Why does gravity affect light if light doesnt have mass??
Author : jschroep420
Submitted : 20180614 04:24:57 Popularity:
Tags: affect gravity light mass doesnt
As Neb and a couple others have explained, light follows space along the shortest distance between two points on the curved surface. That's called the geodesic
As Neb and a couple others have explained, light follows space along the shortest distance between two points on the curved surface. That's called the geodesic: 1. relating to or denoting the shortest possible line between two points on a sphere or other curved surface
And by the general theory of relativity space.time gets curved in the presence of mass.energy. The effects we get from that curved space.time are those we attribute to gravity. And that's why light is affected by gravity, it's because the space the light is traveling through is affected.
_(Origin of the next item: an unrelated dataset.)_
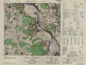 Hier finden Sie ein Meßtischblätter 1:25.000, von Deutschland, aus der Zeit der 1930er Jahre. Diese Karte wurde von Amerikanern damals bei Eisenschmidt gekauft und wurde in den USA für das amerikanische, später britische und französische Militär, bearbeitet. Überarbeitet in Form von Färbungen und Markierungen wurden diese Karten bis in die 50er Jahre.

So anything, massive or not, will follow the curves of space as they are created by the presence of mass.energy. When you drop your physics textbook in class, it falls following the curve of space between your desk top and the floor.
Why does seeing someone or something have an impression on your mind even if those things never touch your mind?
Gravity warps the space light travels in therefore affecting the light's direction
Gravity warps the space light travels in.so the light bends as it follows along the space not unlike water following the bend in a pipe. The gravity doesn't directly affect the light, only it's propagation medium (space time)
it only affects the path of light in the sense that it affects the space that the light is passing through. If space(time) is bent, light will seem to bend even though, from the point of view of the light itself, it does not.
Light has energy and its path is therefore deflected according to the massenergy equivalence of the famous equation.
Gravity does not affect light. A gravitational field does NOT affect light, no matter how strong it is.
As pointed by @John De Witt: "Light, unless refracted or reflected, goes in a straight line."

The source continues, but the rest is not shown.